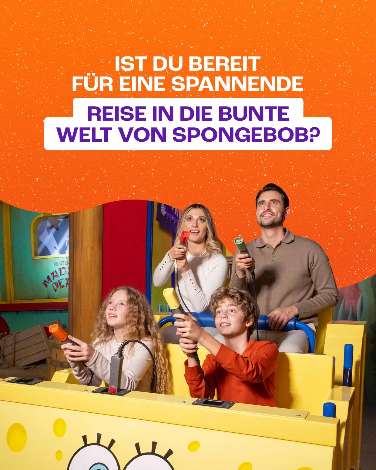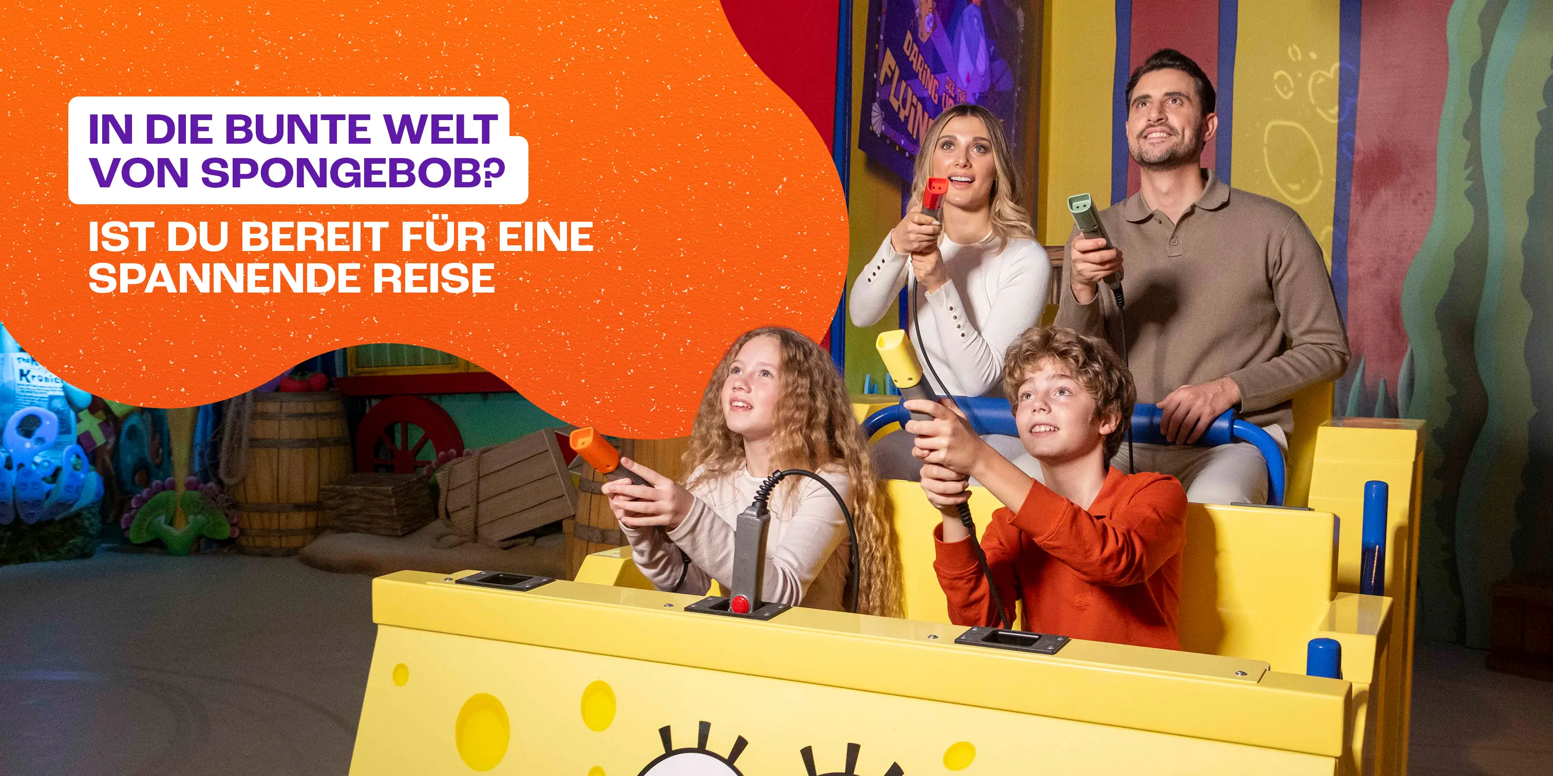 Taucht mit SpongeBob in Bikini Bottom in Unterwasserabenteuer ein, entdeckt Doras Regenwald, geht auf Missionen in der Paw Patrol Adventure Bay und spürt die Action mit den Teenage Mutant Ninja Turtles.Bei Nickelodeon Journey könnt ihr euch auf ein unvergessliches Flying-Theatre-Erlebnis freuen, das euch in die Welten eurer Lieblingscharaktere entführt!
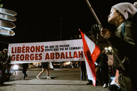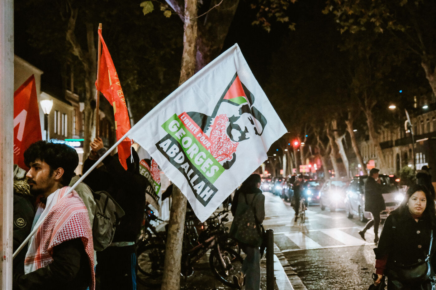 Manifestation pour la libération du libanais pro-palestinien Georges Ibrahim Abdallah à la veille de la décision de la justice sur sa dernière demande de remise en liberté à Toulouse, sud-ouest de la France le 14 novembre 2024.
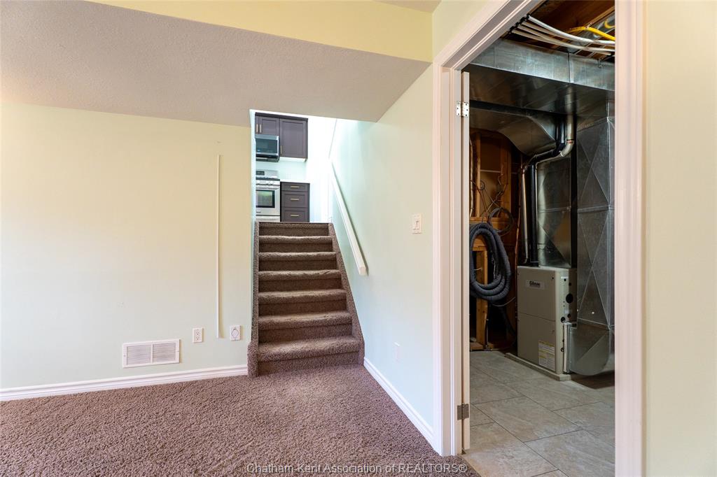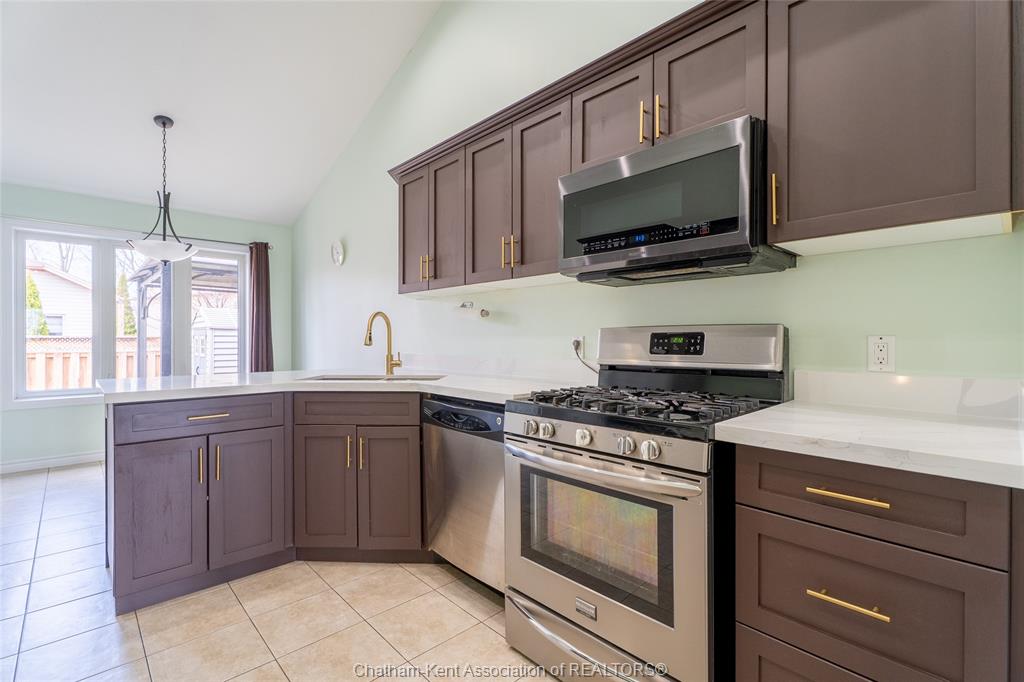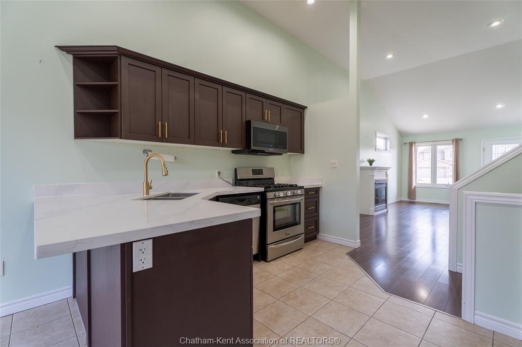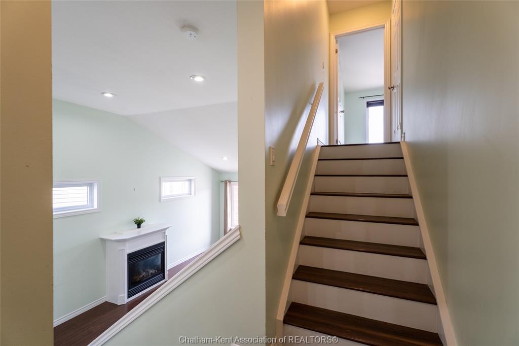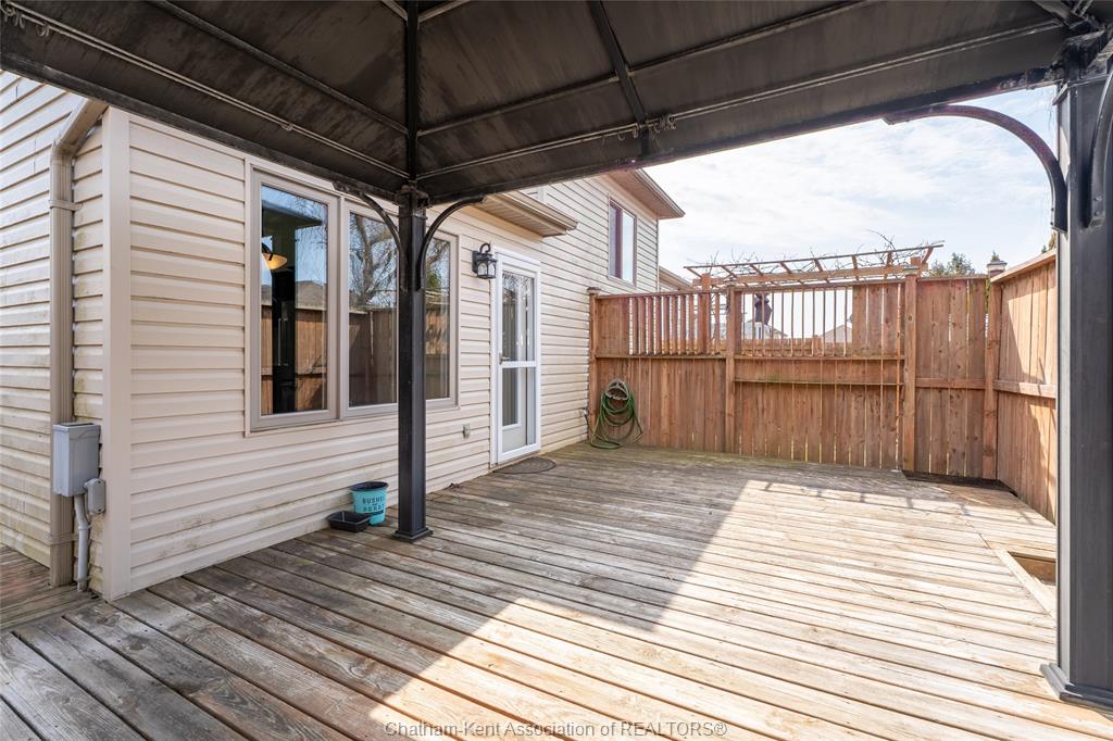 Welcome to this beautiful, move-in ready two-storey home, built in 2011. Ideally located on a quiet cul-de-sac in a sought-after neighbourhood in north-east chatham, perfect for families of all sizes. This well-maintained property features 3 bedrooms and 2 full bathrooms, including a spacious primary bedroom complete with its own private ensuite. The main floor offers a bright, open-concept kitchen and dining area, ideal for both everyday living and entertaining. Patio doors lead directly to a fully fenced backyard, where you will find a lovely deck with gazebo, along with a large storage shed for all your outdoor needs. The inviting living room features a gas fireplace, adding warmth and charm to the space. The attached garage offers convenient inside entry, adding everyday practicality. Downstairs, the fully finished basement provides additional living space along with loads of storage, offering flexibility for a growing family. All appliances are included. Hot water tank is owned. Located close to both elementary and high school options, as well as shopping and everyday amenities, this home offers the perfect blend of location, space, and functionality. Don’t miss your chance to call this fantastic property home!

▶ **Task details**: Only the lines that lie between the start of the listing and the line containing "Manifestation pour la", both included, belong in the answer; write them out exactly and omit pictures.

▶ **Answer for this exercise**:
 Taucht mit SpongeBob in Bikini Bottom in Unterwasserabenteuer ein, entdeckt Doras Regenwald, geht auf Missionen in der Paw Patrol Adventure Bay und spürt die Action mit den Teenage Mutant Ninja Turtles.Bei Nickelodeon Journey könnt ihr euch auf ein unvergessliches Flying-Theatre-Erlebnis freuen, das euch in die Welten eurer Lieblingscharaktere entführt!
 Manifestation pour la libération du libanais pro-palestinien Georges Ibrahim Abdallah à la veille de la décision de la justice sur sa dernière demande de remise en liberté à Toulouse, sud-ouest de la France le 14 novembre 2024.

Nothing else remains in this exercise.